╭─ Records for processing
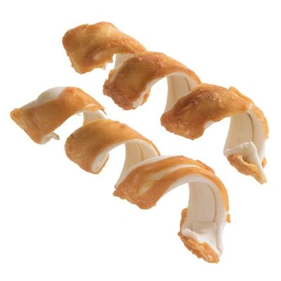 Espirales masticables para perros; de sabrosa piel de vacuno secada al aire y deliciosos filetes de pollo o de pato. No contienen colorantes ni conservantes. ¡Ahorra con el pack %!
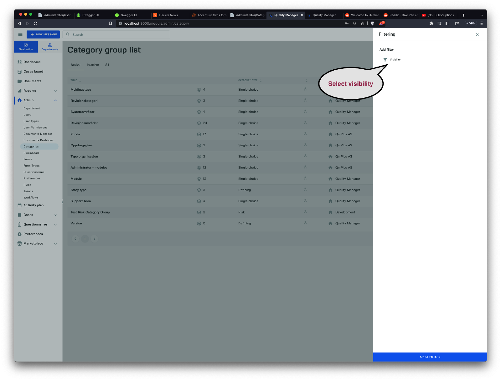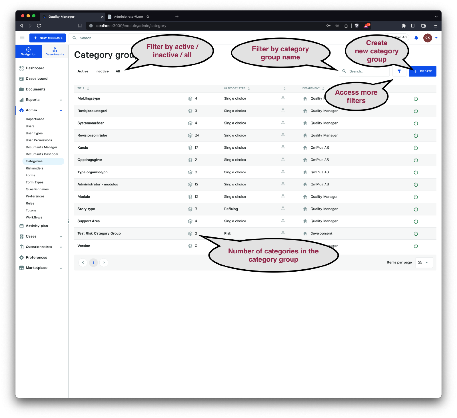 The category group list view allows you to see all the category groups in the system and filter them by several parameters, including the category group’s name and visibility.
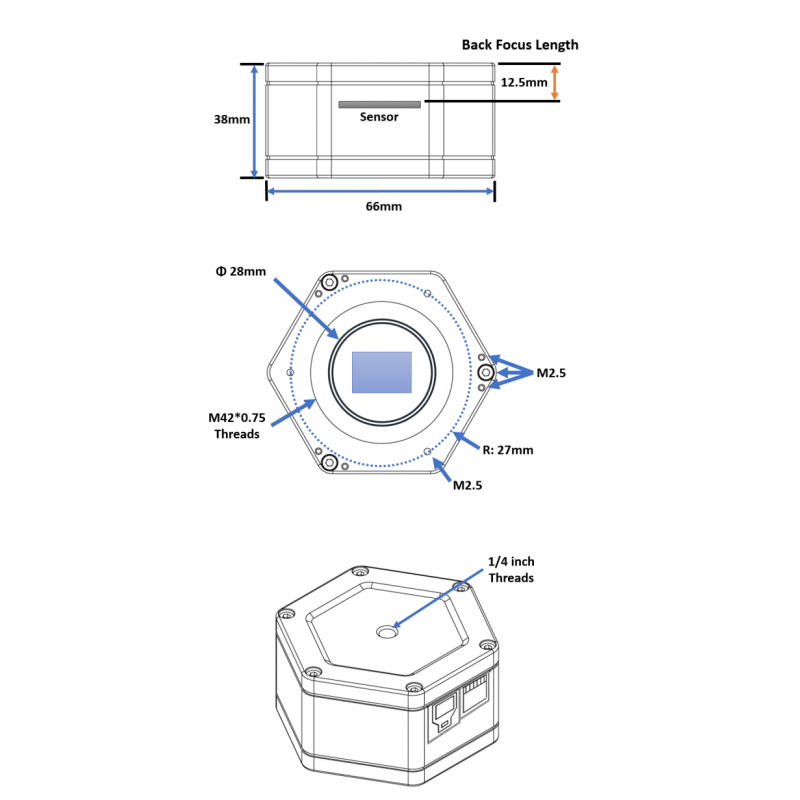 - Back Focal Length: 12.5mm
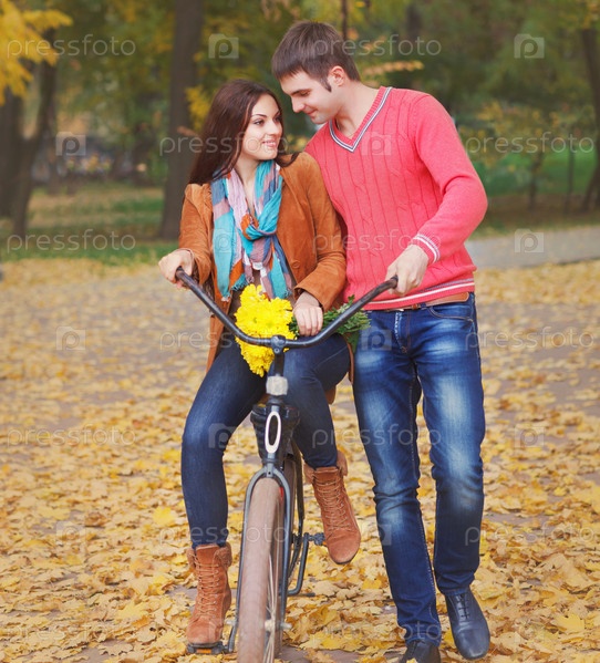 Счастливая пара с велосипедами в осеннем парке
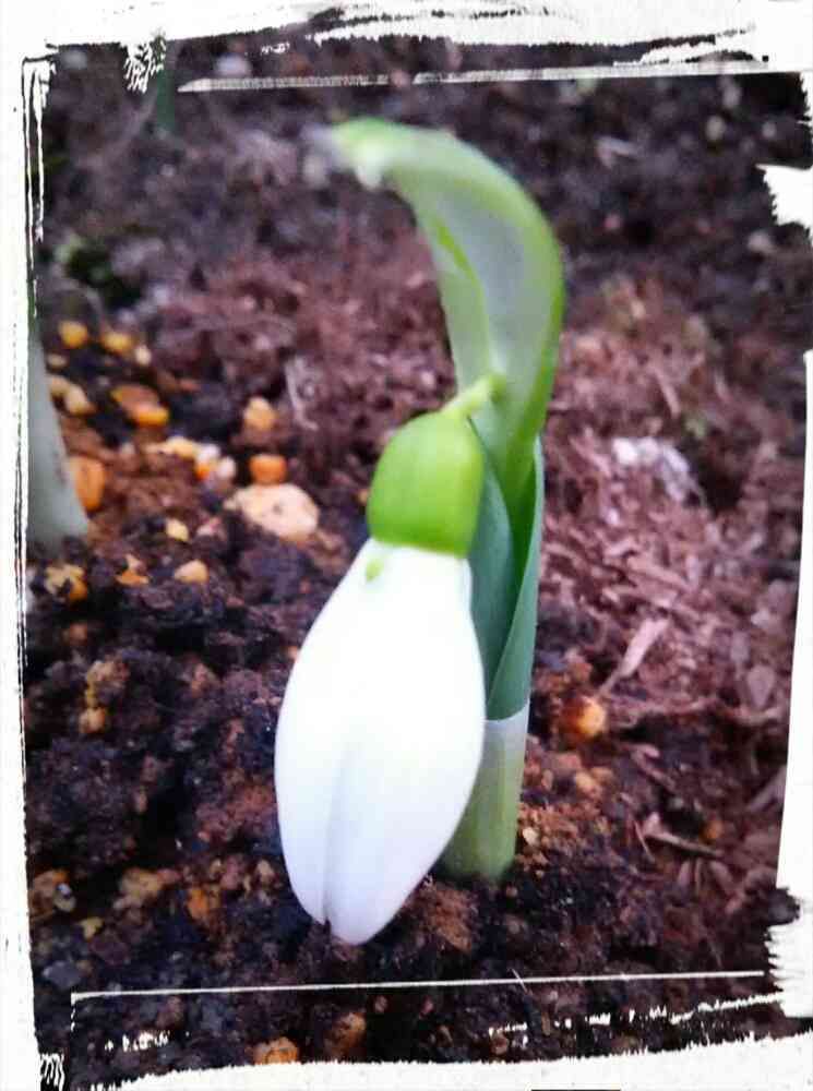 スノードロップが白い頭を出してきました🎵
╰─
Once the pictures are removed, write out all of the entries above exactly.

 Espirales masticables para perros; de sabrosa piel de vacuno secada al aire y deliciosos filetes de pollo o de pato. No contienen colorantes ni conservantes. ¡Ahorra con el pack %!
 The category group list view allows you to see all the category groups in the system and filter them by several parameters, including the category group’s name and visibility.
 - Back Focal Length: 12.5mm
 Счастливая пара с велосипедами в осеннем парке
 スノードロップが白い頭を出してきました🎵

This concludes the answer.